As used herein, “primer” refers to a single-stranded specific oligonucleotide having a base sequence complementary to a target base sequence specific to the species to be detected.

The term “single nucleotide polymorphism (SNP)” used herein means that one nucleotide sequence consisting of A, T, G, and C in the genome is changed to a different nucleotide sequence. Polymorphism refers to the presence of two or more alleles at one genetic locus, and when only a single base differs depending on the individual among the polymorphic sites, it is called a single nucleotide polymorphism. Preferred polymorphic markers have two or more alleles with an occurrence frequency of 1% or more in the selected population.

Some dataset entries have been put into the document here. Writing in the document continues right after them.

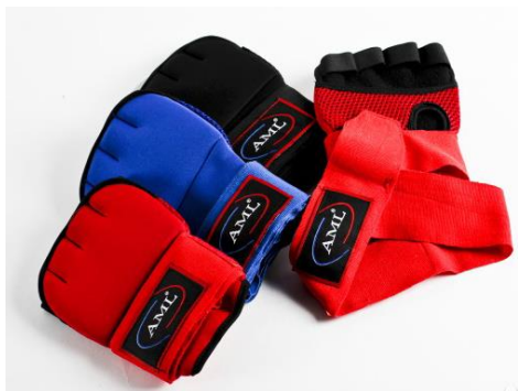
Рис.3. Накладки на вооружённую кисть
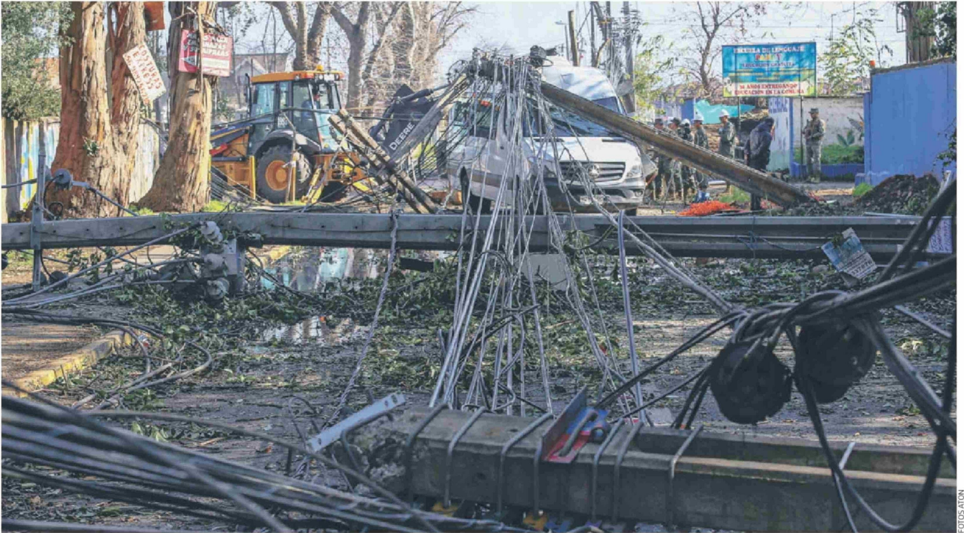
► Hasta este viernes, cinco comunas contaron con despliegue militar para colaborar en el despeje de calles. En la foto, Maipú.

caer son los pimientos, arces, melias, eucaliptos, acacio falso y grevillea. "Algunos individuos añosos, pero también ejemplares juveniles, debido a los fenómenos climáticos que han generado el debilitamiento de su condición fitosanitaria", asegura el director regional Illasca.
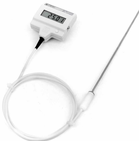
Рисунок 3 – Внешний вид термометра модификаций -Н, -Н-ТС, -Т, -Ф с неразъемным соединением датчика температуры к электронному блоку

Пломбирование термометров не предусмотрено.
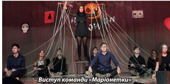
Виступ команди «Маріонетки»

Усі докази зібрані, і треба здогадатися, до чого ж вони відносяться. За допомогою залу та журі дізналися, що докази вказують на фільми жахів.
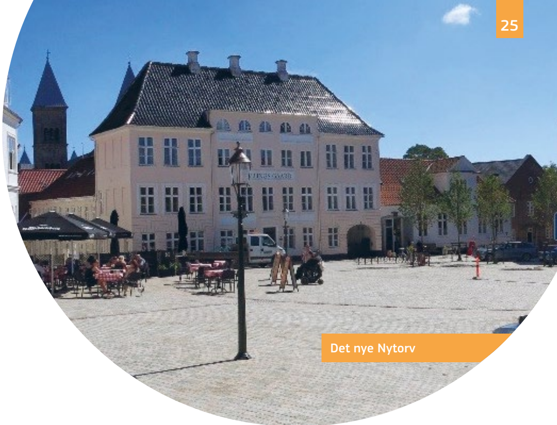
Det nye Nytorv

I denne historiske by er flere offentlige pladser, haver og gader blevet gjort tilgængelige med nye nivellerede fortove, ramper og taktile ledestriber. Nytorvet er et nyt, fuldt tilgængeligt offentligt område, der er blevet skabt ud af en gammel parkeringsplads.
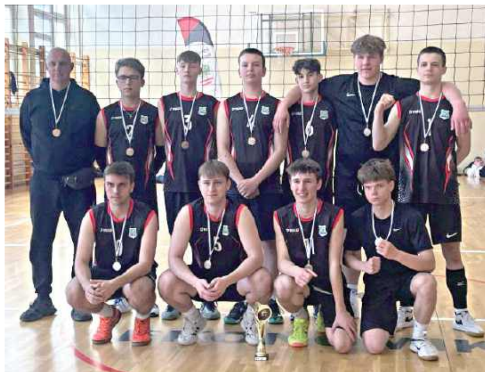
mp Zespół ZS nr 2 w Garwolinie zajął trzecią pozycję
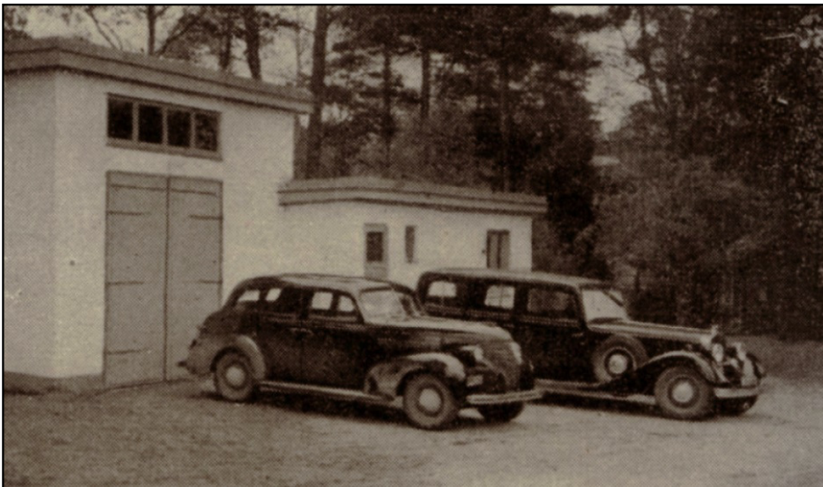
Foto troligen taget 1947 utanför brandstationen på Sveavägen. Bilen längst bort är en Chevrolet/Horch årsmodell 1939 och den närmast på bilden kan vara en Volvo PV 800 eller en Pullman årsmodell 1936.
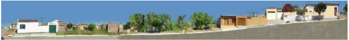
RUA 20 DE SETEMBRO_Q07
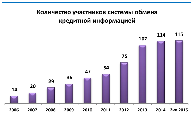
Рис.2 Динамика количества участников системы обмена данными

КИБ «Ишеним» за 1 кв. 2015г. получил информацию о 106 838 новых кредитах, из них 66 386 кредитов было передано микрофинансовыми организациями и кредитными союзами и 46 452 кредитов банками (рис.3):
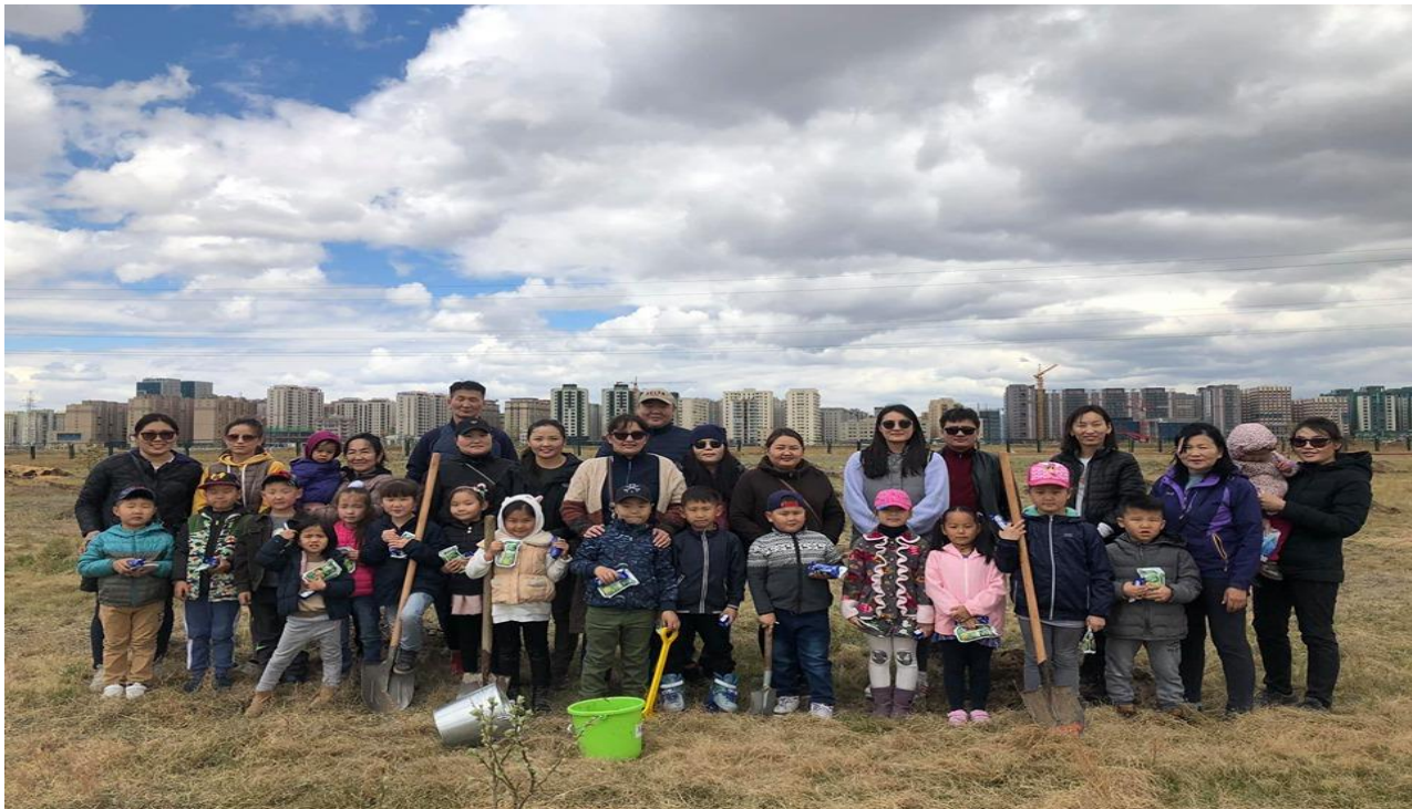
Бид ангиараа мод тарьлаа.
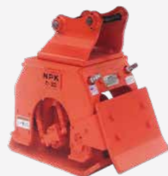
Dozer blad Alle modellen

Detailed Description of the Invention:

According to one aspect of the present invention, a first forward primer consisting of the nucleic acid sequence shown in SEQ ID NO: 5;

A second forward primer consisting of the nucleic acid sequence shown in SEQ ID NO: 6; and

A species-specific PCR kit for identifying fish species of the genus Benguet, including a universal reverse primer consisting of the nucleic acid sequence shown in SEQ ID NO: 4, is provided.

In the species-specific PCR kit, the fish species of the genus may be G. punctata or G. leonina .

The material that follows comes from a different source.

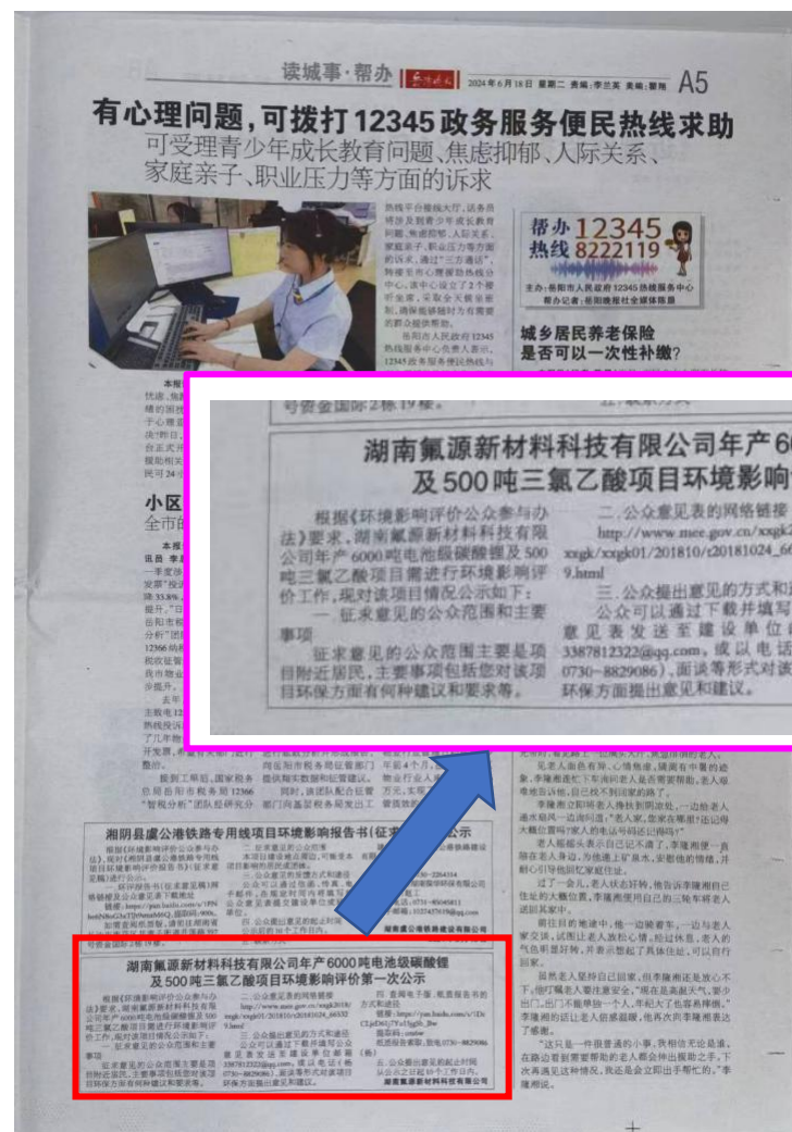
图3 第一次报纸公示
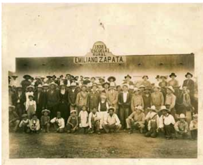
Figura 2. Habitantes del ejido Ranchería Juárez en la ceremonia de inauguración de la escuela primaria Emiliano Zapata en 1932.

According to another aspect of the present invention, a genomic DNA extraction step of extracting genomic DNA from fish of the genus Bangedome;

A DNA amplification step of amplifying genomic DNA extracted with the PCR kit of claim 1;

An electrophoresis step of performing electrophoresis on the amplified DNA product; and

A method for identifying fish species of the Benguet genus is provided, including the step of analyzing the band pattern of electrophoresed DNA.

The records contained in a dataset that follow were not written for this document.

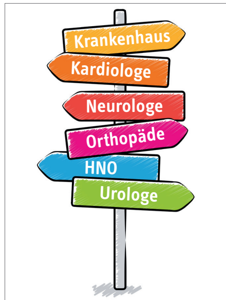
HOHE VERSORGUNGSDICHTE: Hamburg bietet eine große Auswahl an Fachärzten und Kliniken. Dieses Angebot schafft sich seine Nachfrage selbst. Die Folge: Höhere Ausgaben als auf dem Land

Zu den Regeln des Ausgleichssystems zählen aber auch noch zahlreiche weitere Kriterien. Diese Kriterien für die Zuweisung aus dem Gesundheitsfonds, wie etwa die Teilnahme an Disease-Management-Programmen oder der Status eines Erwerbsminderungsrentners, führen zu
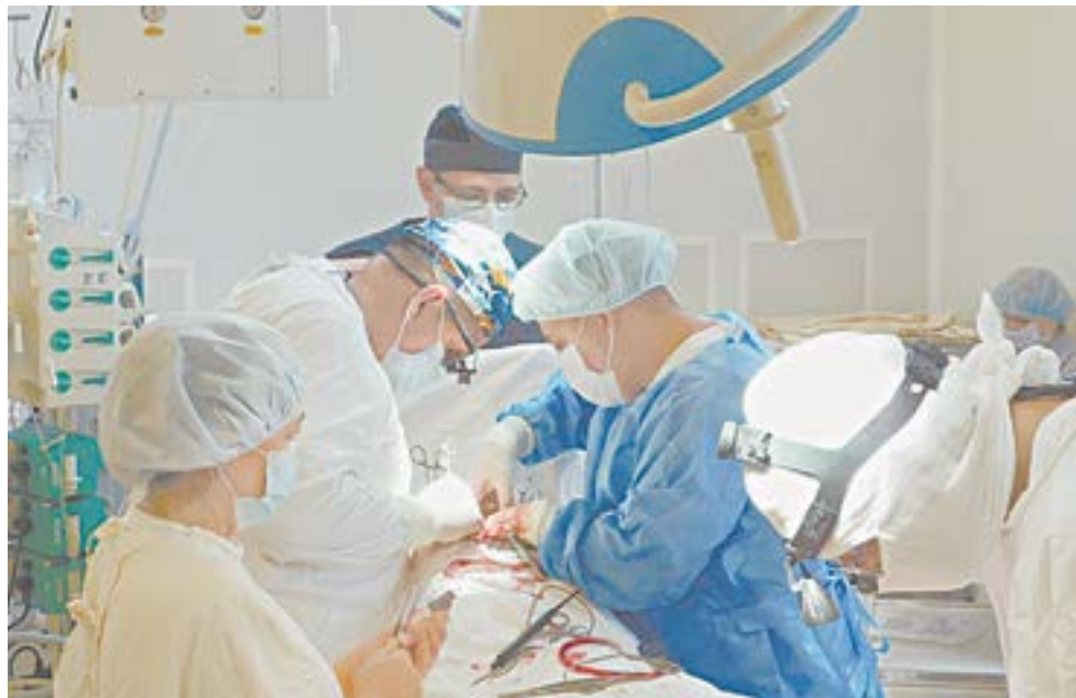
В регионе проводится все больше сложных высокотехнологичных операций.
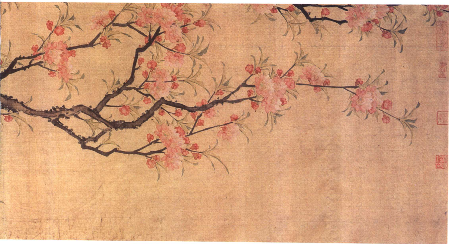
八 清 蔣廷錫 花卉圖卷 絹本 39×146 厘米

In the above determination method, the step of analyzing the band pattern of the DNA can be performed by determining a band of 391 bp as G. punctata and a long-tailed bream ( G. leonina ) if a band of 579 bp is confirmed, and multi Genomic DNA can be amplified using multiplex PCR.

The sea bream ( G. punctata ) and the long-tailed sea bream ( G. leonina ) are economically important fish species that live in the East Sea and South Sea of Korea, southern Hokkaido, Japan, around Taiwan, and the East China Sea. In Korea, the above two species are highly valued, especially in Jeju Island, and are very similar in appearance, with adults showing the number of lateral scales with pores, spines, rays on the dorsal fin, and rays on the anal fin; The length of the caudal fin and gill cover (black in the long-tailed bengal sea bream and not black in the long-tailed sea bream) are used as methods for classification. However, during the seed period, it is impossible to distinguish them morphologically, and therefore, analysis technology is needed to clearly identify the two species of Benguet genus.

Mitochondrial DNA for species identification is convenient to use in genetic analysis because its amount is greater than nuclear DNA (Lee, GY et al., Foods , 11, 280. 2022). A DNA-based method for the identification of red sea bream ( G. punctata ) and long-tailed sea bream ( G. leonina ) involves polymerase chain reaction (PCR)-based restriction fragment length polymorphism (RFLP) analysis that identifies specific mutations at enzymatic cleavage sites. It has been reported (Itoi, S. et al., J. Mar. Sci . 64, 328-331. 2007). However, while PCR-based RFLP analysis is labor-intensive, time-consuming, and requires skilled operators, multiplex PCR methods use PCR equipment and imaging equipment (gel documentation systems) that are commonly available in most laboratories and depend on operator skills. It is a less dependent method (Noh, ES et al., J. Life Sci. 27, 746-753. 2017). In addition, multiplex PCR can be used more easily than RFLP because it is cost- and time-efficient for analysis because it can detect multiple targets simultaneously in a single reaction by performing PCR amplification without adding restriction enzymes. In addition, by analyzing differences in nucleotide sequences within a species and designing species-specific primers, false positive and false negative errors occurring due to genetic mutations can be compensated for during the analysis process (Axayacatl, RO et al ., Ichthyol. Res . 2008, 55, 389-393. 2008). Meanwhile, DNA barcoding is a widely used approach based on mitochondrial genes such as cytochrome oxidase subunit I (COI), 16S rRNA, and cytochrome b amplification and profiling. The above technology is being applied to various biological fields such as forensic genetics, biodiversity, and species identification. In particular, species and lineages can be accurately identified through mitochondrial DNA analysis based on amplification and sequence analysis of COI mitochondrial genes ( Parvez, I. et al., Ecol. Genet. Genom . 17, 100067. 2020).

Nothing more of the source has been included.